Oldsmobile wanted a muscle car, too. It had established an outstanding performance image beginning in 1949 with its all-conquering “Rocket” 88. It became the scourge of the Automobile Association of America and NASCAR circuits in the 1950s, and won the sedan class in the first 1950 Mexican Road Race. But as the decade unfolded, Oldsmobile gradually lost its performance superiority.

Oldsmobile wanted that image back, and its entry in the muscle-car race was the 4-4-2 package on the intermediate F-85 and Cutlass series in mid-1964. It had a 5.4-litre (330 cu. in.), 310-horsepower V-8, with 4-4-2 referring to its four-barrel carburetor, four-on-the-floor manual transmission and twin exhausts. Oldsmobile built 2,999 during its half-year production run.

With a zero to 100 km/h) time of 7.4 seconds, the 4-4-2 didn’t have quite the performance of the GTO’s 6.6 seconds. To address this for 1965, Oldsmobile increased displacement to 6.6 litres (400 cu. in.) giving 345 horsepower.

Performance sparkled with the bigger V-8, with Car and Driver reporting zero to 100 in 5.5 seconds and to 160 km/h in 15.9. It was tire-burning acceleration.

But the 4-4-2 was more than just straight-line acceleration; Oldsmobile engineers added such items as stiffer springs, larger shock absorbers and a rear anti-roll bar, turning the 4-4-2 into what was reputed to be the best handling of the muscle cars.

For 1968, the 4-4-2 became a full series rather than an option package, and this plus all-new styling for the General Motors intermediates helped Olds sell 33,607 4-4-2s. The 6.6-litre (400 cu. in.) engine continued with various power ratings depending on compression ratio, carburetion and transmission, and whether one ordered the optional under-bumper W-30 air induction system.

GM’s intermediates were growing heavier, which contributed to the slower zero-to-100 km/h time of 7.0 seconds that Car Life reported on a 350-horsepower automatic transmission-equipped 4-4-2. To correct this, Olds gave the 4-4-2 an even larger 7.4-litre (455 cu. in.) engine for 1970, which it claimed was the largest ever offered in a special performance car.

Unfortunately, 1971 saw the beginning of performance degradation as emission hardware started to bite and compression ratios fell.

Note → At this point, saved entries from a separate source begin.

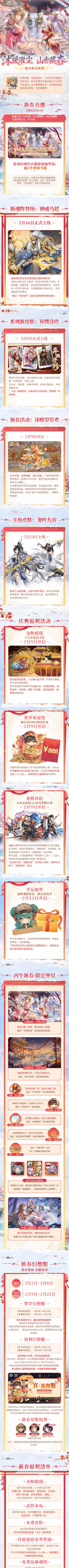 2月16日开启,神威马超正式登场,同时还有新玩法,比如“风云汤阁”、“灯轮宝市”都会陆续上线,配合超级招财、玉骢迎春、每日密令、压岁钱灯多种红包活动,可以得到很多元宝以及核心养成资源。还有禧乐锦鲤、春礼团购等限时折扣内容,也是为大家补齐阵容、加速养成提供了机会。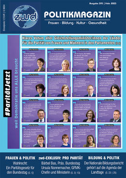 RedaktionIn der aktuellen Ausgabe des zwd-POLITIKMAGAZINs geht es um die im Bundestag anhängige Wahlrechtsreform. Sie sollte durch Paritätsregelungen mehr Frauen Mandate im Bundestag sichern, doch davon ist bisher nur am Rande die Rede. Die bundesweite Kampagne "PARITÄTJETZT", die von mehr als 80 zivilgesellschaftlichen Organisationen getragen wird, hat jetzt auf Initiative der Gesellschaft Chancengleichheit besonderen Zuspruch erhalten. Alle 16 Chef:innen von Frauen- und Gleichstellungsministerien haben in Testimonials ihre Unterstützung für die Paritätsforderung bekundet (siehe unten). Titelthema der gedruckten und digitalen Ausgabe 395.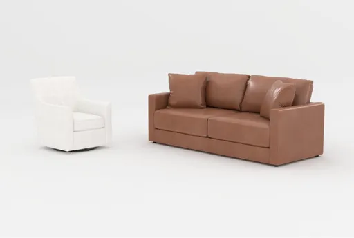 Transform your living room with the Alicia Saddle Brown Vegan Faux Leather Sofa and Belinha II Opal White Ivory Fabric Swivel Glider Arm Chair. The casual style and comfortable materials make these pieces perfect for any family room or great room. Enjoy the rich tones and functional design that these pieces bring to your home.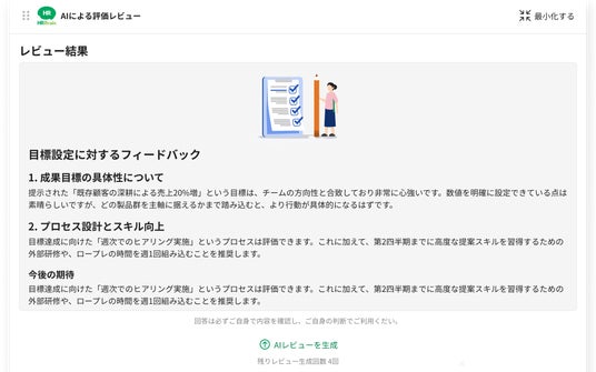 株式会社HRBrain(本社:東京都港区/代表取締役CEO:堀 浩輝、以下「当社」)は「HRBrain 人事評価」において生成AIを活用して目標設定の質を向上させる「目標のAIレビュー機能(以下、「本機能」)」を新たにリリースしました。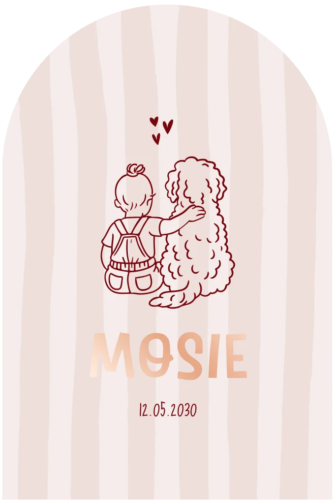 Een lief en uniek geboortekaartje voor jouw kindje. Het kaartje heeft een boogvorm en een schattige lijntekening van een kindje naast een hond. Je past de de illustratie gemakkelijk zelf aan naar de juiste hond of kat met de verschillende opties in onze editor. Staat jullie huisdier er niet tussen? Neem dan gerust even contact met ons op via deze link. Dan kijken we graag samen naar de mogelijkheden!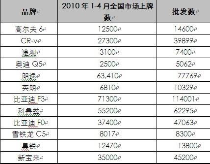 2010年1-4月上牌量與批發(fā)量比較圖表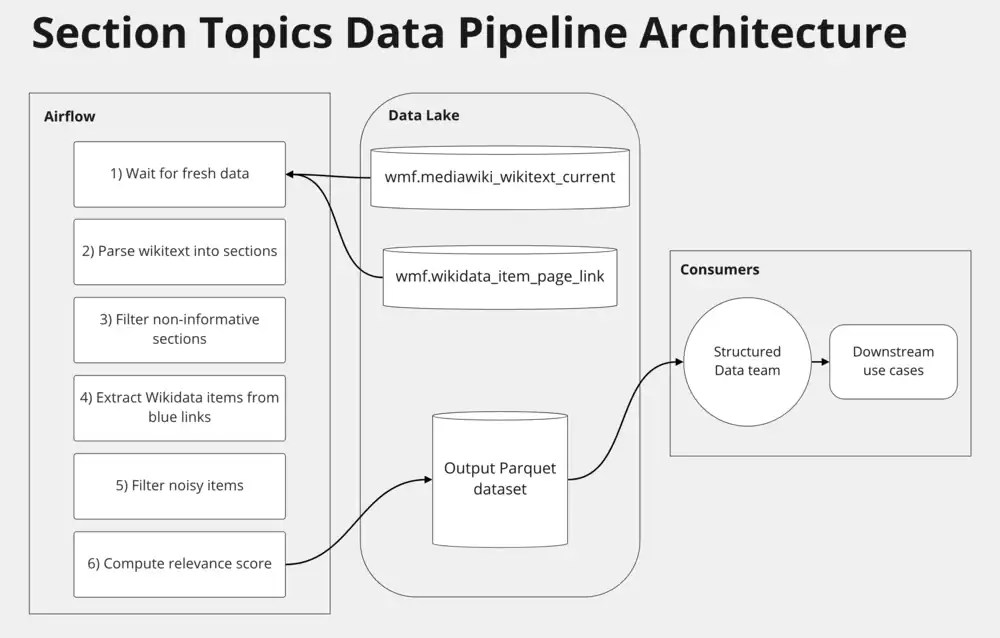 - one Python Spark task that takes as input Wikipedias wikitext, Wikidata item page links, and outputs the section topics dataset.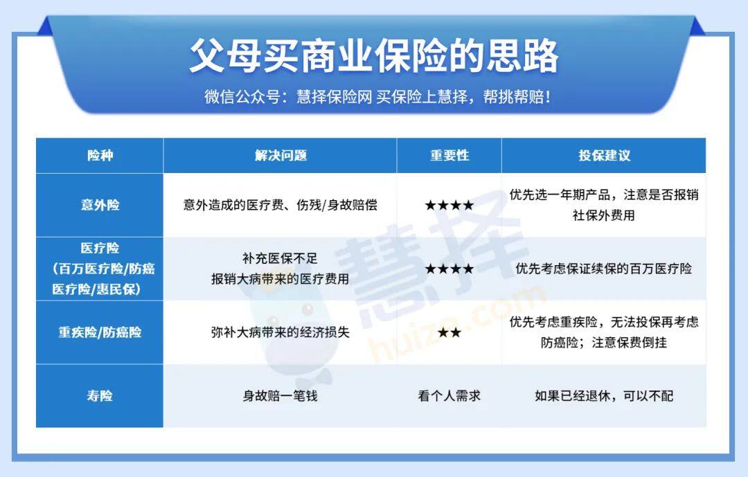 但百萬醫(yī)療險的健康要求非常高,如果父母有慢性病或者其他小問題,建議考慮惠民保,再搭配一份防癌醫(yī)療險。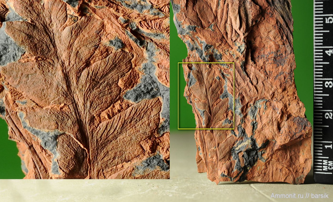 На самом деле здесь смесь различных листьев, в верхней части нейроптерис, в рамке, на мой взгляд, Mariopteris muricata.Можно сравнить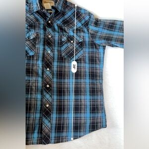 SEO Tags: Wrangler pearl snap shirt, cowboy western plaid, rodeo country style shirt, Wrangler snap button shirt, men’s plaid western top
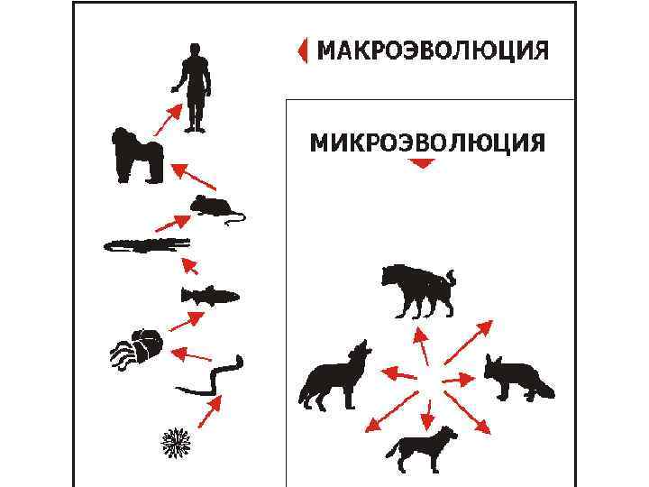 Уровни эволюции: микроэволюция — это распространение в популяции малых изменений в частотах аллелей, среди нескольких поколений; изменение на внутривидовом уровне. Такие изменения происходят из-за следующих процессов: мутации, естественный отбор, искусственный отбор, перенос генов и дрейф генов. Эти изменения приводят к дивергенции популяций внутри вида, и, в конечном итоге, к видообразованию.

This really affected muscle cars, and it would be the 4-4-2’s last year as a separate series.

For 1972, the 4-4-2 was back to an option package of mostly trim, decal and other appearance items on the Cutlass line, but still including enhanced handling components such as heavier anti-roll bars and larger wheels.

This was the theme of the 4-4-2 for the rest of the 1970s: mostly a trim-and-handling option for the Cutlass. As recession loomed in 1980, the 4-4-2 was discontinued.

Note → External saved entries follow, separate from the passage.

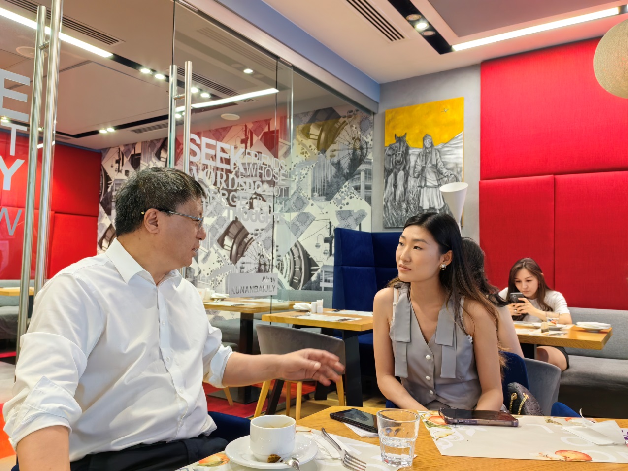 共进午餐,共叙旧情。23届毕业生孙琴一直珍藏着自己参加“梦行浙江”留学生才艺展演的走秀视频,专门拿出来跟老师们分享。杭州的包子,老师的叮咛,钱塘的潮水,学涯湖的白鹅……,一幕一幕,让他们梦回杭州,梦回浙财大。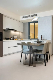 餐厨区域,L型厨房与岛台、餐桌相结合,简单却不失精致。轨道插座的巧妙融入,是实用与品味的双重体现,也为餐厅节省更多空间,让餐厅更整洁。一家人简单的一日三餐或邀请三五好友前来相聚,都能在这方小天地中轻松实现,尽享生活的美好瞬间。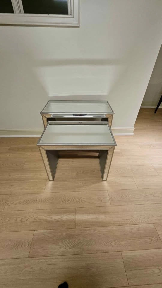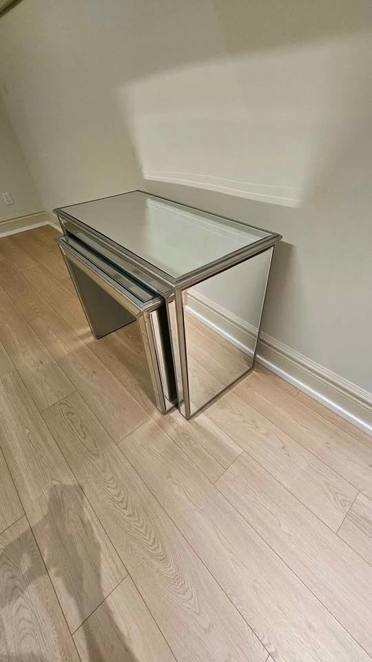 Buy & SellMirrored Nesting TableMirrored Nesting Table$130Size: Big 39" x 20.5" x 30" height Small 32" x 20" x 26" height Material: Wood & Mirror Color: Silver Condition: 7/10WHERE TO MEETCheck LocationView MapSELLERverifiediSell4UVaughan913 reviews1 chats·2 favorites·56 viewsSEND CHAT TO SELLERHi iSell4U! I’m interested in your listing.Hi iSell4U! I’m interested in your listing.Get the Karrot app to chatSign In to chat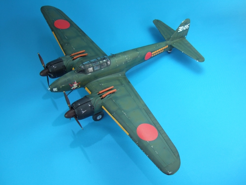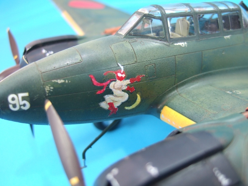 まぁいいや、プラモなら何やっても制作者の思うがままなのでこういうヒコーキも出来ちゃったりする訳ですよ。生真面目な戦史ファンやモデラーの方々には「許せねぇ」って言われちゃいそうですけれど作ったもん勝ちってことで勘弁して下さい。大切なのは楽しんで作るということだとそう固く信じているのであります。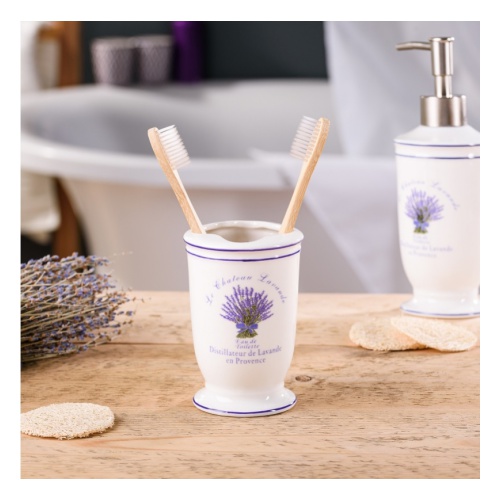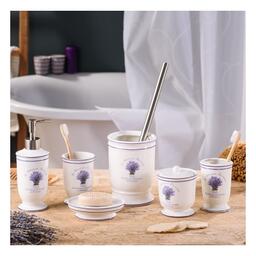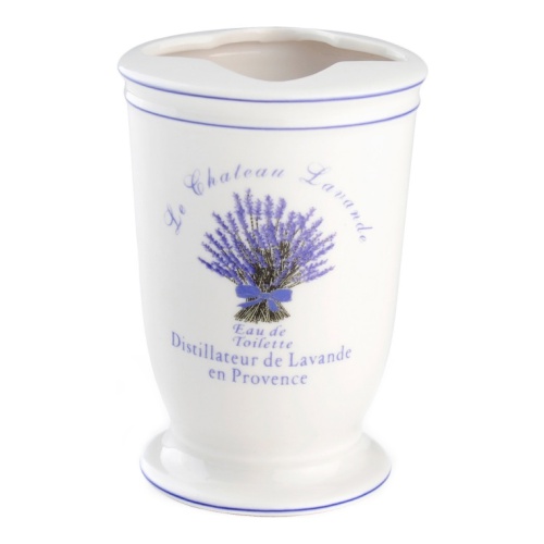 Элегантный стакан для щеток с разделителем - полезное и удобное приобретение для ванной. Оно прекрасно дополняет интерьер, так как оно украшено рисунком с букетом лаванды и напоминает по форме вазу. Изделие выполнено из керамики, поэтому для сохранения эстетичного внешнего вида рекомендуется протирать его влажной мягкой салфеткой.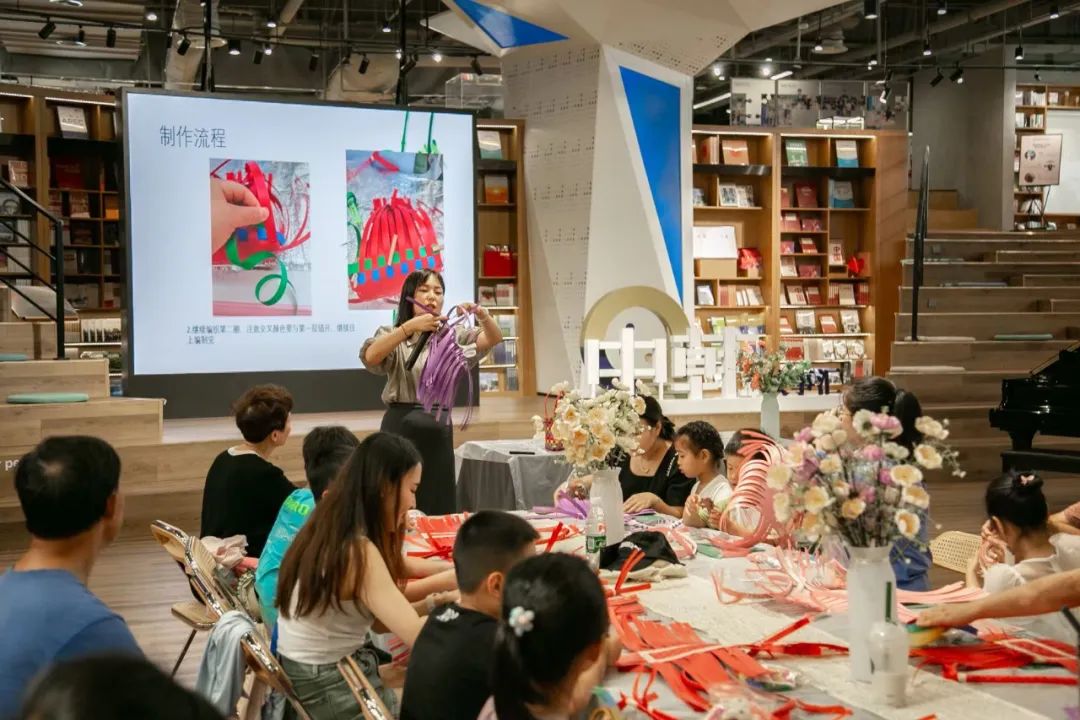 活動一開始,編織老師先向大家詳細(xì)介紹了竹編工藝的歷史源流、發(fā)展歷程以及傳承意義。隨后為大家講解竹編包的制作技巧,并演示竹編的編織技藝和手法。在老師的示范教學(xué)下,孩子和家長們一起制作起竹編包,只見一根根五顏六色的竹條在大手、小手中不斷游走,漸漸組成了小包模樣,成功的喜悅浮現(xiàn)在大家的笑顏中。
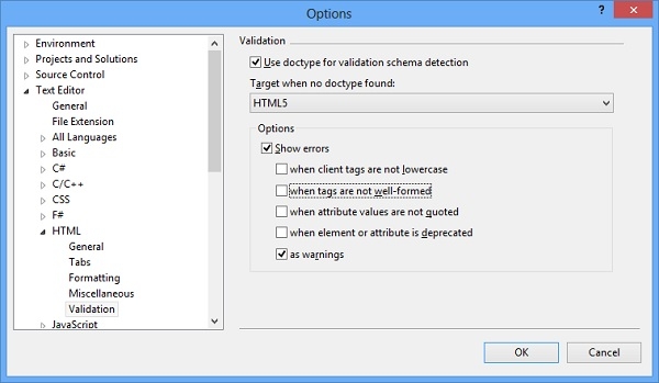 對於 HTML5 驗證,你需要為 Visual Studio 安裝 IntelliSense 和驗證支援。HTML5 受到 Visual Studio 2012 的支援。

It came back in 1985, again as an appearance and handling package, but with its own higher performance 5.0-litre (305 cu. in.) V-8 now rated at 180 horsepower by the more realistic Society of Automotive Engineers “net” rating, rather than the previous “gross” rating.

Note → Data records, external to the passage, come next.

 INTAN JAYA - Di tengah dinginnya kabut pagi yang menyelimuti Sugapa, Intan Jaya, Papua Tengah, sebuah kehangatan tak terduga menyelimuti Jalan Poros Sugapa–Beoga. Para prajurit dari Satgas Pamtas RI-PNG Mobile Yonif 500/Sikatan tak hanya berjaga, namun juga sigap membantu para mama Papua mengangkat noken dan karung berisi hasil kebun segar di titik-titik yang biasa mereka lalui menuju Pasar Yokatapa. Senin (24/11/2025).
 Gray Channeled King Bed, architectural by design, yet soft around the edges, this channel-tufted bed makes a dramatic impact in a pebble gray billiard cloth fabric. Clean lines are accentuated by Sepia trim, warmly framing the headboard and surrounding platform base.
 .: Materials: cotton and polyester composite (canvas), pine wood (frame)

The 4-4-2 disappeared in 1987 as Oldsmobile followed the industry conversion to front-wheel drive. It returned once again for 1990 as the Cutlass Calais Quad 442 (no hyphens) powered by the new Oldsmobile-developed 2.3-litre, double-overhead cam, four-valves-per-cylinder four-cylinder engine. In H.O. (high output) form, it produced 180 horsepower and the 442 now meant four cylinders, four valves per cylinder and two overhead camshafts.

Compared with the early 4-4-2s, the new one was cleaner, more economical and had almost equal performance, all from less than a third of the displacement of the biggest 4-4-2 V-8. It was an environmentally friendly 1990s performance car.

But to muscle-car fans, it wasn’t the real thing. For them, no high-winding little four could replace that sound of a hibernating bear when a big V-8 opened its secondary barrels. A fast-revving four, no matter how high-tech, could never take the place of a big rumbling eight.